Ideally we would like to have more kinds of holes: holes for terms,
facts, etc. Maybe special identifiers here: syntactically legal
but nonsense (DUMMY term, type, _/nothing fact, etc).
Of course: holes need to be marked up for interface.
Suggestion: just find these by regexps, BUT then the interface
cannot know the types of the holes (unless separate regexps for each type, etc).
BETTER seems if system can add
PGIP markup for holes, so we can know them (and not care about their
text content):
<hole objtype="term"> </hole>
What can Proof General know about proof scripts so far?
- block structure for Isar proofs (already in PGIPBasicUndoModel with nesting)
- facts for chaining - where they're emitted. How might this second thing be useful? Certain inspection operations make sense when they didn't before?
-
print_theorems
- prints just the additions of the last command. But also want to know about
- types
- constants
- datatypes
- facts (
this
)
- we could have a command which examines arbitrary previous history of top level states
So one way to inspect the script would be for PG to issue a
print_theorems
(and other
print_XX
or inspection commands) after each command has been executed.
This seems inefficient/tedious if we do it after every command. Doing it at the end
of a theory would not be so bad, but then we would not have local information during
the theory.
DA: IMO it seems better if
Isabelle would emit this information pro-actively (cf. theorem dependencies
at the moment). There seems to be a place for adding hooks for Isabelle packages so
that they can emit useful indexing information.
Parsing proof scripts, returning meta-information
We'd like to get some intentional information from commands within proof scripts,
especially:
- names of identifiers that are bound
- names of identifiers that are referenced
- positions of declarations/definitions of names
Is it possible to have a
lightweight execution which does not execute proofs
but does calculate name bindings, etc?
Alternatively (or as an interim), we should provide this information during normal processing, when
Proof General can cache it (conceptually or actually, adding it to the
PGIP markup of the source text).
Perhaps the best we can do is provide approximate position information (to the start of
a command) because the syntax is not known. Also binding forms can introduce zero or more
identifiers at once. However, this is a restriction for simple refactorings that we want
to allow, such as renaming. The editor really should have an exact location if it
is going to replace identifiers.
Printing proof scripts
If we had real parse trees for Isar scripts, then we could generate, manipulate and print them to make
Isar source texts.
Applications:
- Larry wants this for constructing scripts containing proofs generated automatically by resolution provers.
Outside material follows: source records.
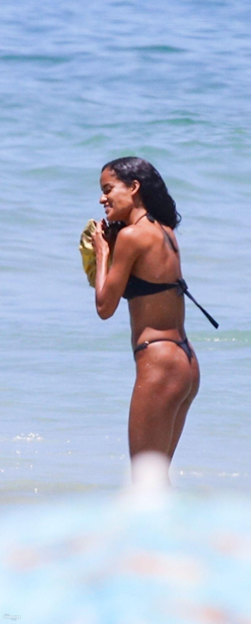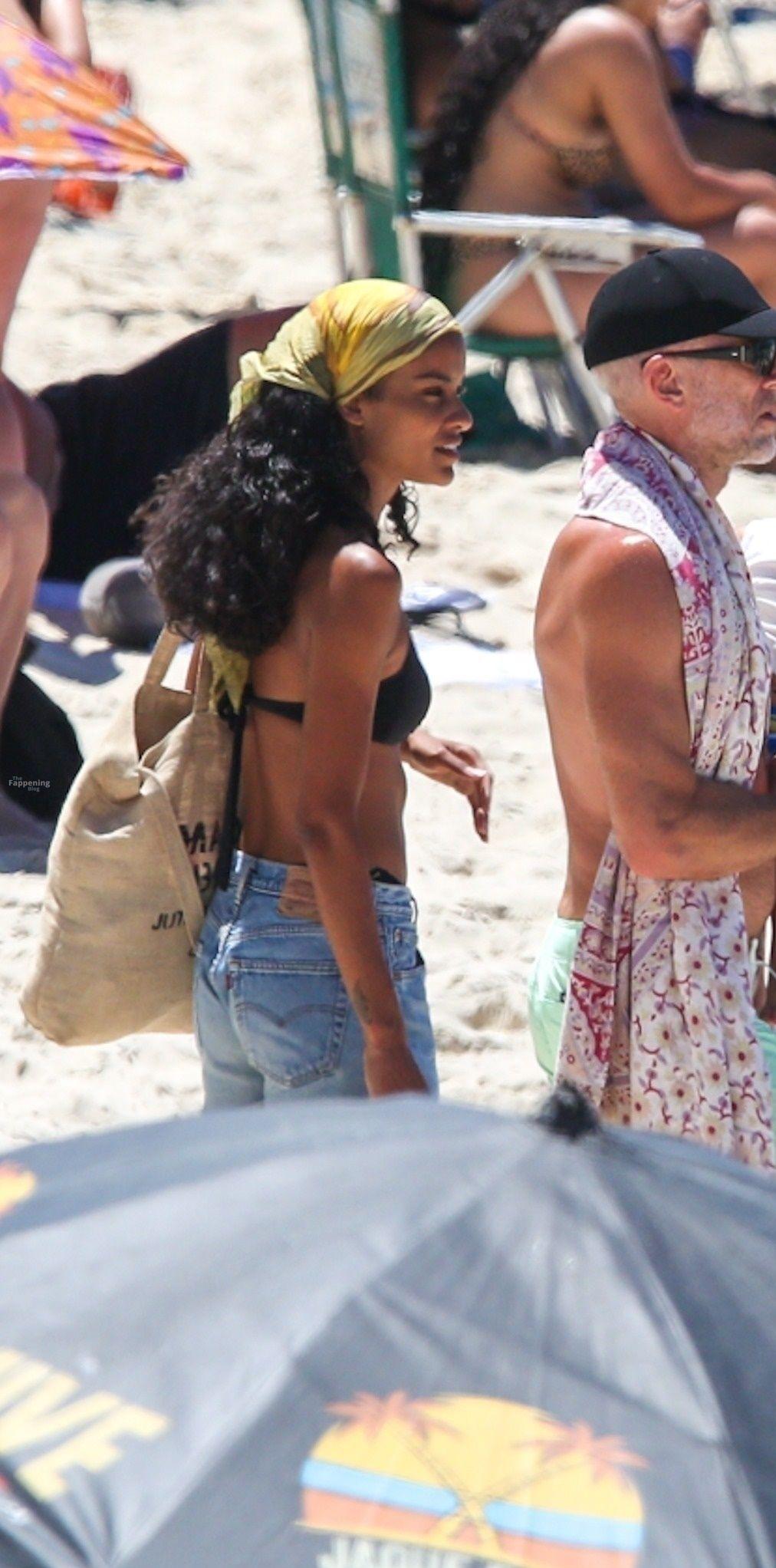 French actor and producer Vincent Cassel and his 29-year-old Brazilian partner, Narah Baptista, spend quality time with their son Caetano on the iconic shores of Rio de Janeiro at Ipanema Beach.
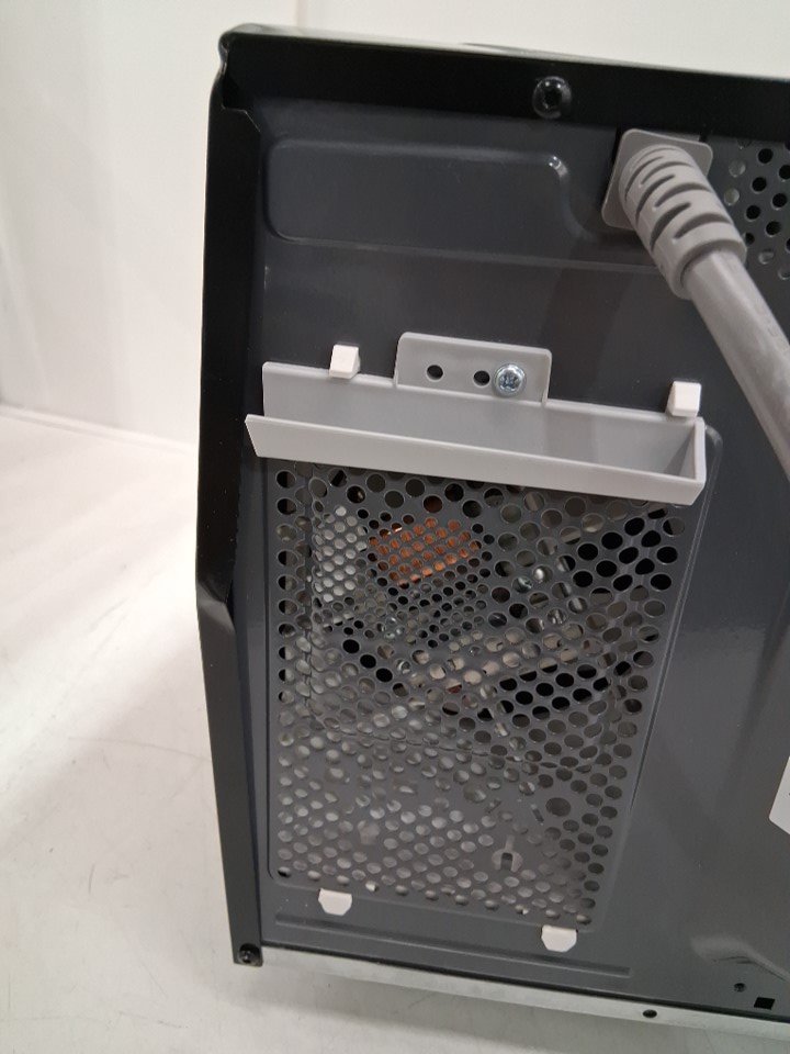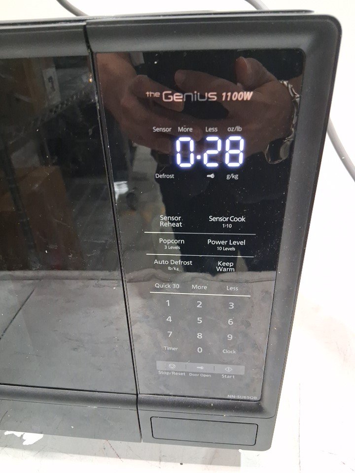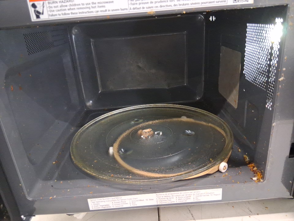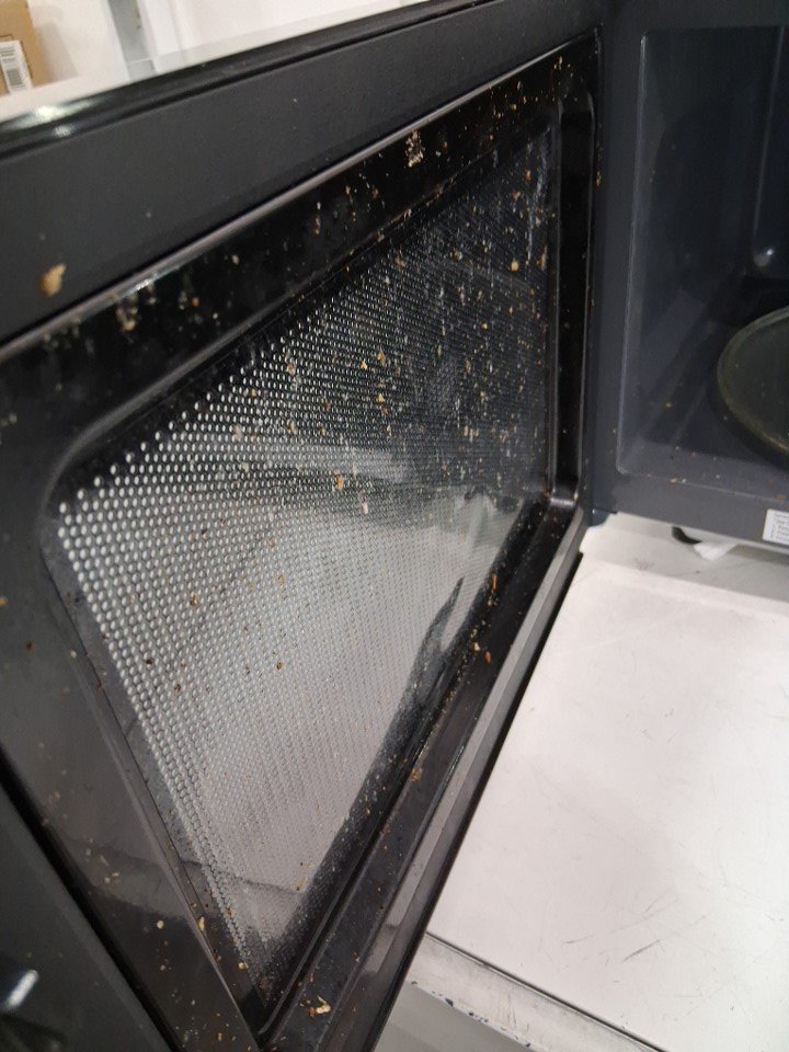 item tested for power. Item has marks and food residue from previous use. Also, it has dents on the back. (See photos)
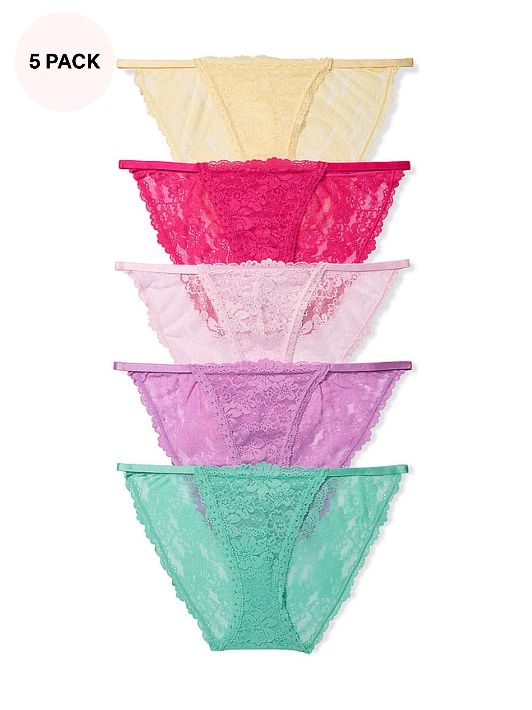 Yellow/Pink/Purple/Green String Bikini 5 Pack Lace Knickers
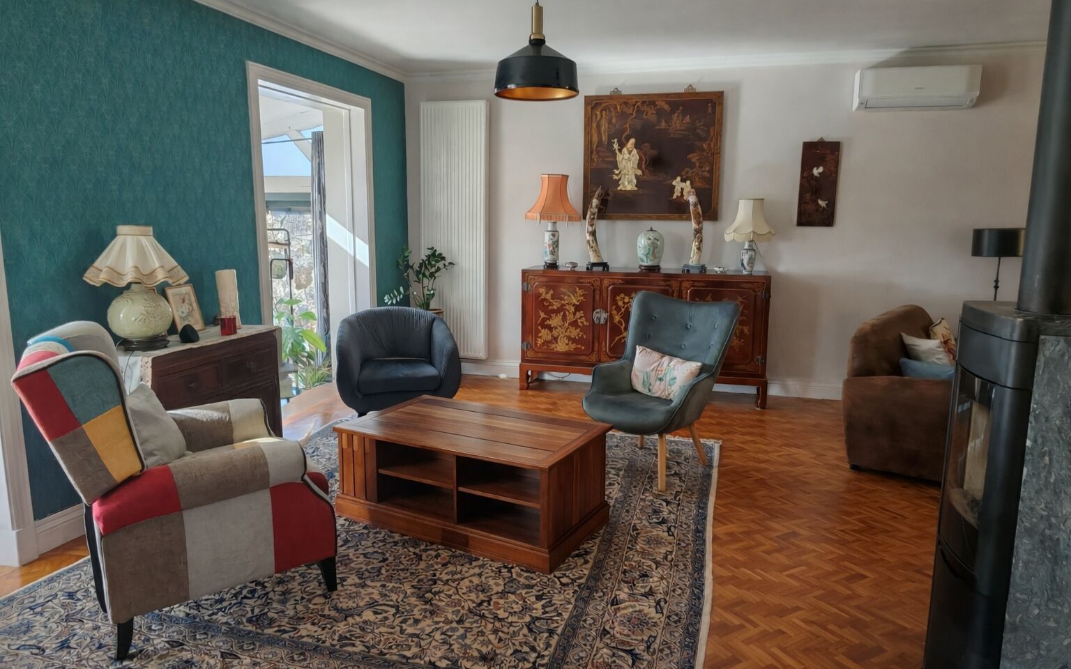 Gas central heating is complemented by a reversible air-to-air heat pump and a wood-burning stove.
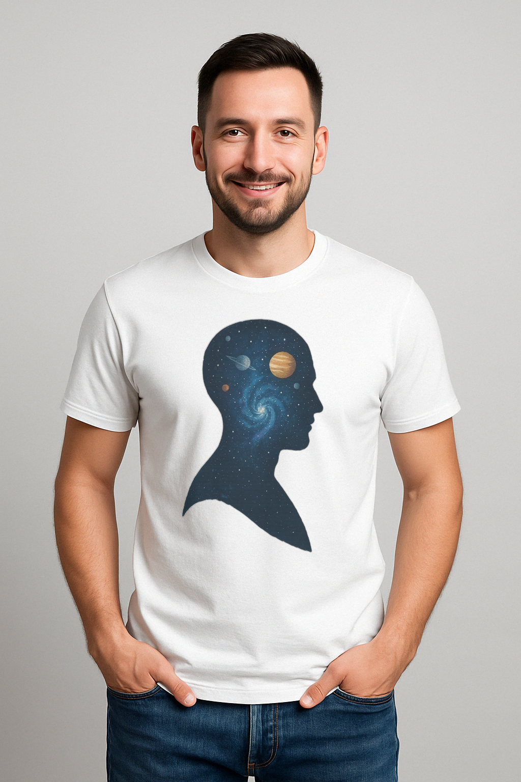 Ця футболка стане ідеальним доповненням гардеробу сучасного та впевненого у собі чоловіка. Вона переносить послання про велич і нескінченність Всесвіту, акцентуючи на глибині вашого внутрішнього світу. Чоловіча футболка “Всесвіт всередині” — для тих, хто не боїться визнавати свою індивідуальність.
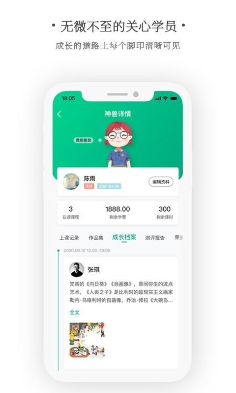 6、拥有学生详情版块,用户在版块中可以看到学生的上课记录和成长档案等信息;
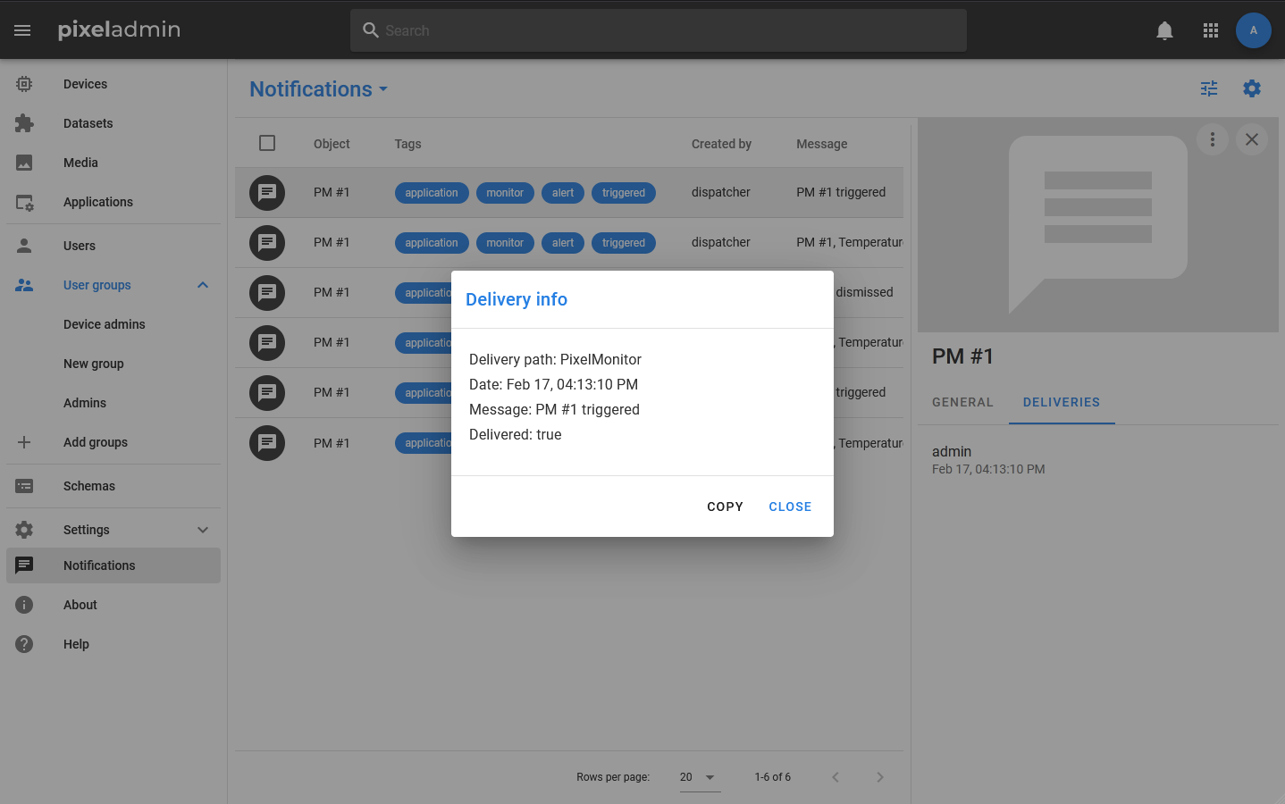 The Pixel Admin application has a notification system (notifications): they can be generated by the system when certain events occur, and can also be sent by users through the application interface.
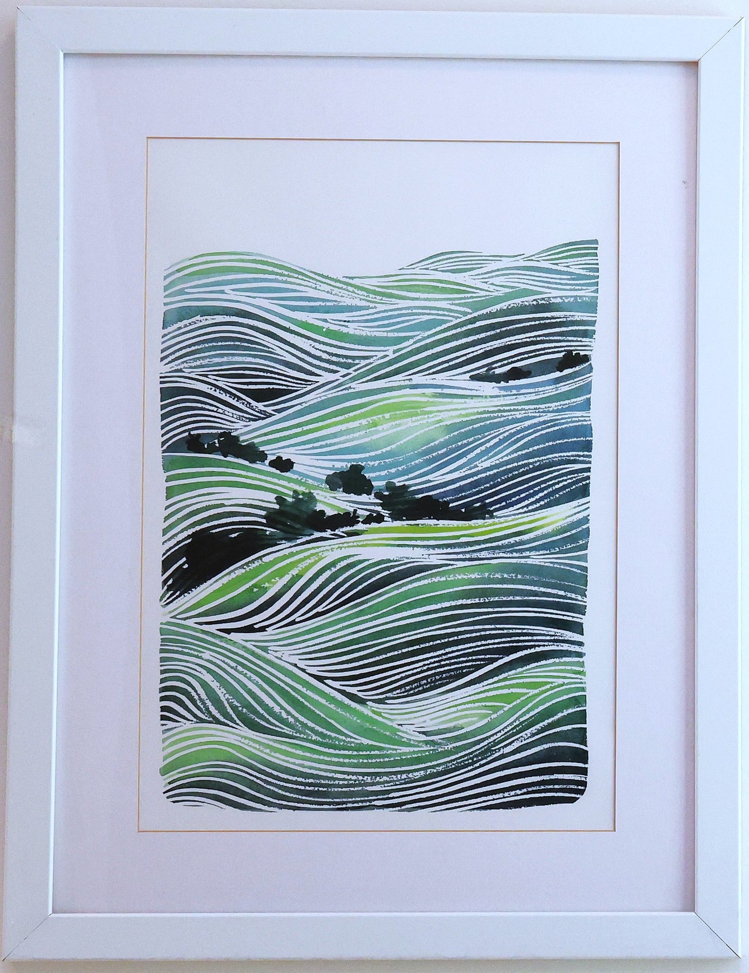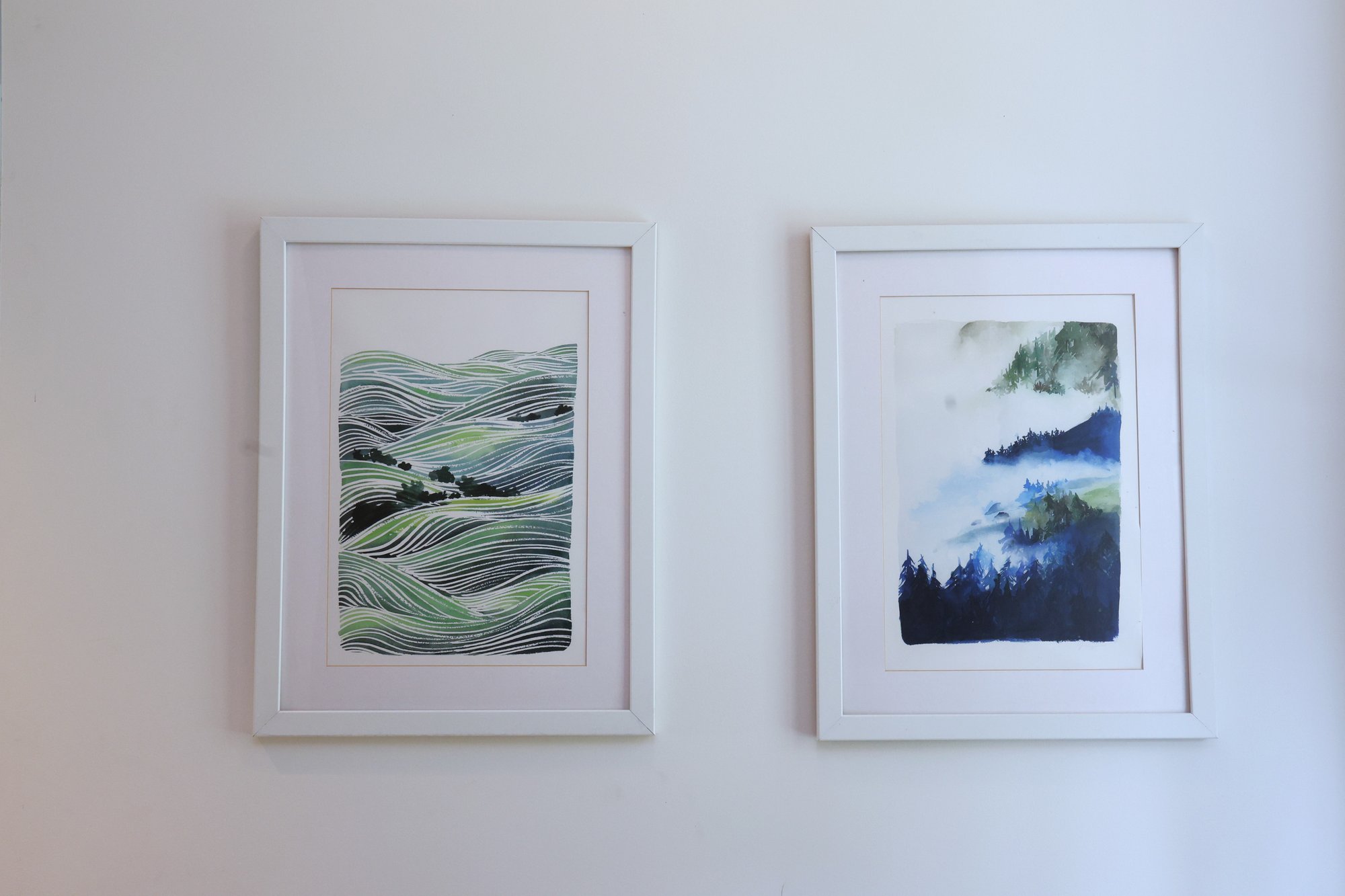 Nature inspired art prints. One by watercoulorist Yao Cheng and pencil signed lower right. Both have matching white frames.

- Lucas wants this for proof planning. Note that the planning refinement involves a potentially expensive undo-redo cycle where we change the outline "proof sketch". Seems possible to support this wholly in the interface, though.
- David probably needs this for forms of refactoring and proof patterns (similar to Bundy/Dixon's plans to investigate planning in-the-large)
Question: how can we support this kind of thing without having canonical
ways of generating texts? (Possibly: the
opcmd mechanism of the interface)
Annotations in inner syntax
Would be highly desirable to have a way of passing annotations to the print engine.
Annotations are typically used to refer back to abstract syntax.
Alternative/additionally: if we can manipulate that abstract syntax directly via a special
"raw term" print mode parser, we may recover
a robust input syntax. This could be used by the interface to construct
terms to send to Isabelle, e.g. to make instantiations or to search for matching
theorems. However the "raw term" mode probably wouldn't be desirable for
inclusion in source scripts.
Cf Matita design for bidirectional transformations between view and source.
They describe "three formats": content level [semantics], presentation level [MathML], interchange level [XML].